The aforementioned systems, circuits, modules, and so on have been
described with respect to interaction between several components
and/or blocks. It can be appreciated that such systems, circuits,
components, blocks, and so forth can include those components or
specified sub-components, some of the specified components or
sub-components, and/or additional components, and according to
various permutations and combinations of the foregoing.
Sub-components can also be implemented as components
communicatively coupled to other components rather than included
within parent components (hierarchical). Additionally, it should be
noted that one or more components may be combined into a single
component providing aggregate functionality or divided into several
separate sub-components, and any one or more middle layers, such as
a management layer, may be provided to communicatively couple to
such sub-components in order to provide integrated functionality.

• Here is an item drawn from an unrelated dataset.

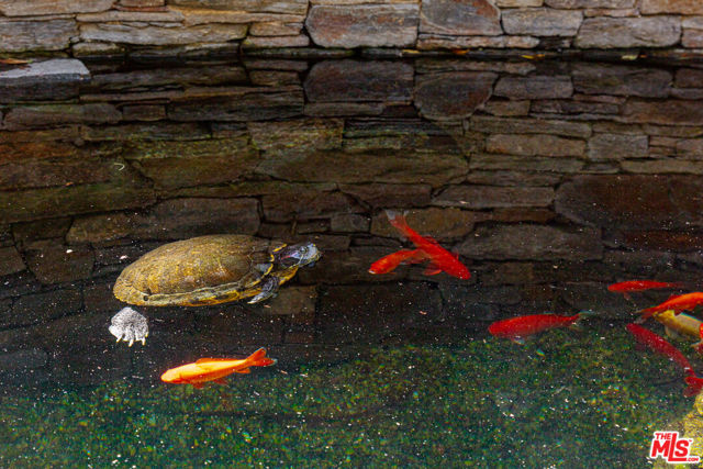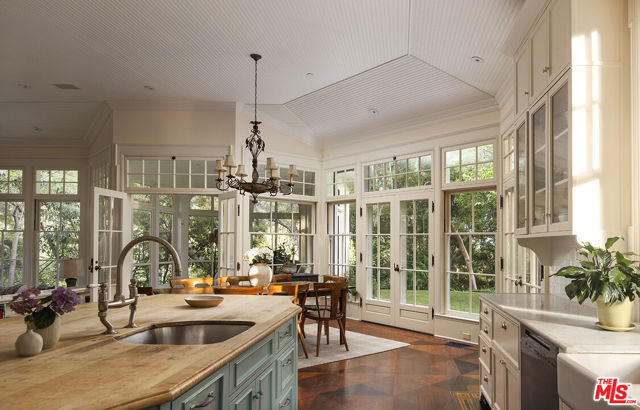 In beautiful lower Mandeville Canyon rests a magical gated private compound, hidden from the street and nestled up a long, tree-lined tranquil driveway. Situated on nearly one acre of lush grounds decorated by blossoming hydrangeas, cascading wisteria, and swaying trees, this rare find was designed by architect Lise Claiborne Matthews, AIA, ASID, and has never been on the market. Once the site of a historical botanical garden, the property spans two verdant parcels, fully encircled by beautiful mature trees for complete privacy. The enchanting facade opens to interiors that blend elegance and warmth, with soaring ceilings, curved glass windows, French doors at nearly every turn, and exquisite custom millwork throughout. Inside, the open-concept design encourages effortless entertaining. Guests are immediately met with a feeling of grand scale and sophistication, as they enter through the foyer and are met with the elegant dining room and formal living room with high architecturally custom-designed ceilings, functional curved glass windows, and anchored by a marble fireplace. Gorgeous greenery and filtered light is to be admired from every window of this stunning home. The living area features a cozy step-down family room with a media center and fireplace, while the chef's kitchen is equipped with a butcher-block island, three sinks, Viking range, Sub-Zero refrigeration, dual Miele dishwashers, and a pantry. A sunlit informal dining area and tranquil sunroom offer a serene setting for coffee, reading, or admiring the surrounding gardens. For grand occasions, the formal living room and dining room provide elegant settings for hosting gatherings, celebrations, and memorable evenings. The balance of the main floor contains an elegant guest suite, a large study, and a sixth bedroom. The expansive primary suite includes a sitting room, custom niches, French doors to a private balcony, and a spa-like bath with marble dual-sink vanity, oversized steam rainwater shower, soaking tub, dual water closets, dressing are, and two walk-in closets. Secondary bedrooms are spacious and full of charm, offering tranquil views of greenery and light throughout. On the recreational level, one would find an entertainment and wellness space with kitchenette, billiards room, sauna, cinema, gym, wine cellar, and a soundproof playroom, along with a light-filled atrium. Outside, the resort-style amenities include a sparkling 50-foot saltwater pool, meditation garden, koi pond, grassy lawn, patios, and lounging decks. Ample space allows for future additions such as a play area or sport court. Completing the estate is a three-car garage, a large fully functional gym or potential ADU, a large motor court, and additional parking accommodating twelve-plus vehicles. Offered furnished or unfurnished, this rare retreat is just minutes from Brentwood, Santa Monica, Pacific Palisades, and all the conveniences of the Westside, yet feels worlds away.

Any components described herein may also interact with one or more
other components not specifically described herein but known by
those of skill in the art.
Moreover, the words "example" or "exemplary" are used herein to
mean serving as an example, instance, or illustration. Any aspect
or design described herein as "exemplary" is not necessarily to be
construed as preferred or advantageous over other aspects or
designs. Rather, use of the words "example" or "exemplary" is
intended to present concepts in a concrete fashion. As used in this
application, the term "or" is intended to mean an inclusive "or"

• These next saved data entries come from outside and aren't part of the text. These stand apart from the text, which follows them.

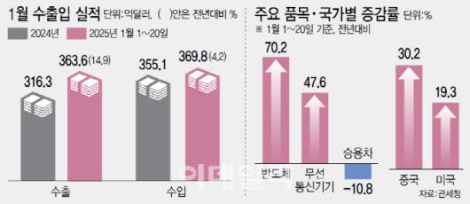최대 수출품목인 반도체가 전체 실적을 이끌었다. 이 기간 수출액이 107억 3000만달러로 전년대비 70.2% 증가했다. 인공지능(AI)발 글로벌 수요 확대에 힘입은 반도체는 지난해 연간으로도 전년대비 22.2% 늘어난 1734억달러의 역대 최대 실적을 기록했는데 그 흐름이 연초에도 이어지고 있는 것이다. 전체 수출에서 반도체 수출이 차지하는 비중도 29.5%로 불어났다.
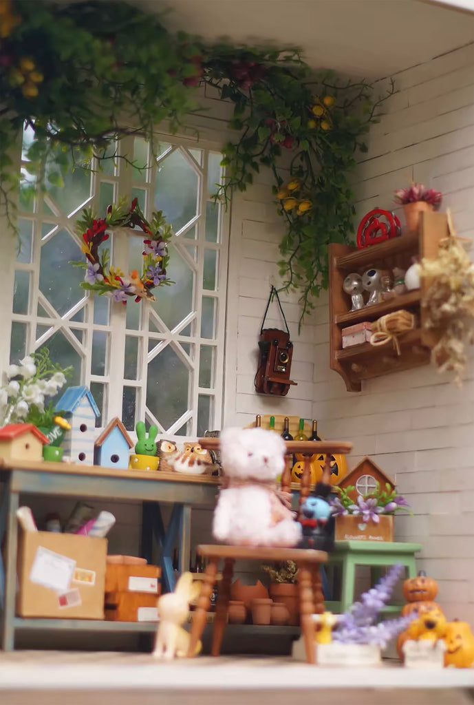 Craftuneed 1:6 scale Wooden Greenhouse Dollhouse Miniature Forest Cottage Diorama Dustproof Doll Display Box with Furniture Handmade
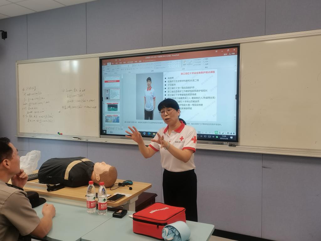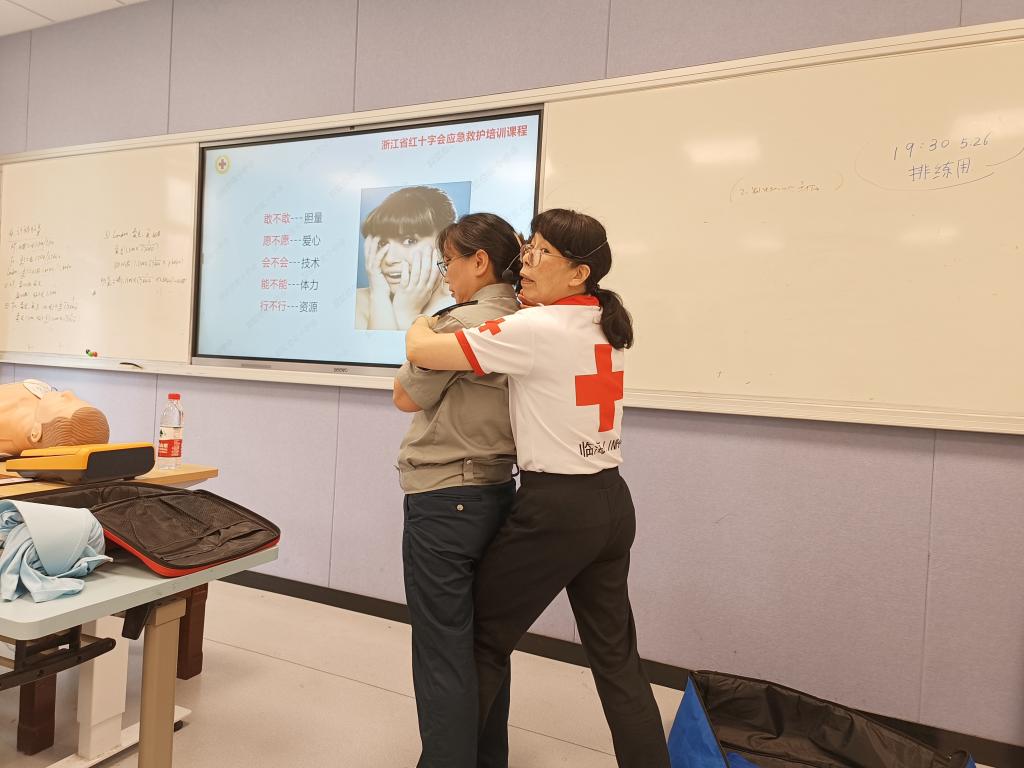 为进一步推进“平安校园”建设,提升我校安保人员的专业素质和业务能力,5月30日,临海校区开展了安保人员急救理论知识和实操培训活动。本次活动特邀临海市卫生进修学校副校长朱临萍担任培训师,临海校区全体保卫干部、保安队员共30余人参加了活动。
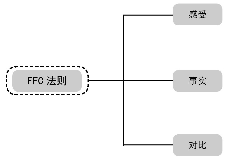 如下图所示,FFC法则包含3个元素:一是感受,二是事实,三是对比。这3个元素缺一不可。
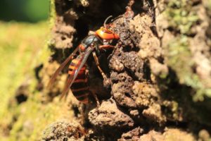 岐阜県美濃加茂市軒下のキイロスズメバチ
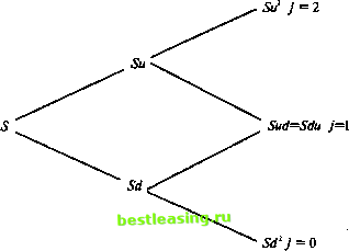 правой части уравнения будет нормально распределена, и соответственно ln(i5y S/-i) будет тоже нормально распределено. Переменная называется логнормально распределенной, если натуральный логарифм ее нормально распределен. Следовательно, если \n(Sl+itt/S(f)) нормально распределен, то St+it/S должно быть распределено логнормально. Это очень привлекательная модель распределения отношений цен ценных бумаг, потому что, если цена растет, то отношение цен будет больше единицы, если падает - то отношение цен будет меньше единицы, но оно никогда не принимает отрицательного значения. Теперь рассмотрим график функции логнормаль-ного распределения на рис. 4.7. На рисунке видно, что логнормальное распределение вытянуто вправо, но не имеет отрицательных значений. Это совместимо с возможным распределением цен ценных бумаг, поскольку они не могут упасть ниже нуля, и только очень немногие из наблюдений могли быть очень высоки. ![]() Рис. 4.7 Переменная не может принимать отрицательные значения, и вероятность очень высоких значений приближается к нулю, как это и можно ожидать от переменной, описывающей относительное изменение цены ценной бумаги. Логнормальное распределение очень часто используется для моделирования такого рода случайных переменных, в основе которых лежит процесс умножения. Мы отметили в гл. 1, что натуральный логарифм относительной цены ln(St/St i) - это непрерывно начисляемая доходность ценной бумаги S за период времени t- (t- 1). Если относительные цены логнормально распределены, непрерывно начисляемая доходность ln(St/St-i) будет также логнормально распределена. К этому распределению мы вернемся в гл. 10, где используем его для оценки опционов. Следующие результаты доказаны в приложении к этой главе. Если- * Ыг)~ЛГ(ц,о-2), (4.31) Дг) =еМ+ 2 . (4.32) Для удобства это часто записывается так: ехр(ц + о72); (4.33) var( Y) = е2**+°2 (е°2 -1). (4.34) Биномиальное распределение Одним их наиболее важных дискретных распределений в финансах является биномиальное распределение. Для формирования биномиального распределения случайная переменная должна отвечать следующим четырем условиям. 1. Переменная может принимать только два значения в данный момент или в результате данного события. Каждое из этих событий или моментов времени называется биномиальной попыткой. Два возможных результата называются успех - в случае благоприятного результата и неудача - в случае неблагоприятного. 2. Для каждой последовательности попыток вероятность успеха и неудачи постоянна. 3. Все попытки идентичны. 4. Все попытки независимы. Биномиальная случайная переменная X - это число успехов в результате некоторого количества независимых попыток п. Результат испытания записывается как успех или неудача, и вероятность успеха в каждой из попыток равна р. Мы говорим АЧжном (я, р). X, число успехов в я попытках, может принимать значения 0, 1, 2, я. Таким образом, для я попыток может быть я + 1 результат. Один результат будет включать я успехов, другой - я-1 успехов, и т.д. и последний - вообще без успехов. Это показано на рис. 4.8, где переменная S может возрастать в и раз (м >1) или уменьшаться в d раз (0 < d < 1). В данном случае мы имеем две биномиальные попытки и три результата. Результат Su2 - это результат двух успехов, т.е. j = 2. Результат Sud = Sdu, т.е. j = 1 - это результат одного успеха. И результат Sd2 - это результат нулевого количества успехов, т.е.

rather than an exclusive "or". That is, unless specified otherwise,
or clear from context, "X employs A or B" is intended to mean any
of the natural inclusive permutations. That is, if X employs A; X
employs B; or X employs both A and B, then "X employs A or B" is
satisfied under any of the foregoing instances. In addition, the
articles "a" and "an" as used in this application and the appended
claims should generally be construed to mean "one or more" unless
specified otherwise or clear from context to be directed to a
singular form.
With reference to FIG. 13, a suitable environment 1300 for
implementing various aspects of the claimed subject matter includes
a computer 1302. For example, computer 1302 can be used for
implementing systems 200 and 900 respectively. The computer 1302
includes a processing unit 1304, a system memory 1306, and a system
bus 1308. The system bus 1308 couples system components including,
but not limited to, the system memory 1306 to the processing unit
1304. The processing unit 1304 can be any of various available
processors. Dual microprocessors and other multiprocessor
architectures also can be employed as the processing unit 1304.
The system bus 1308 can be any of several types of bus structure(s)
including the memory bus or memory controller, a peripheral bus or
external bus, and/or a local bus using any variety of available bus
architectures including, but not limited to, Industrial Standard
Architecture (ISA), Micro-Channel Architecture (MSA), Extended ISA
(EISA), Intelligent Drive Electronics (IDE), VESA Local Bus (VLB),
Peripheral Component Interconnect (PCI), Card Bus, Universal Serial
Bus (USB), Advanced Graphics Port (AGP), Personal Computer Memory
Card International Association bus (PCMCIA), Firewire (IEEE 1394),
and Small Computer Systems Interface (SCSI).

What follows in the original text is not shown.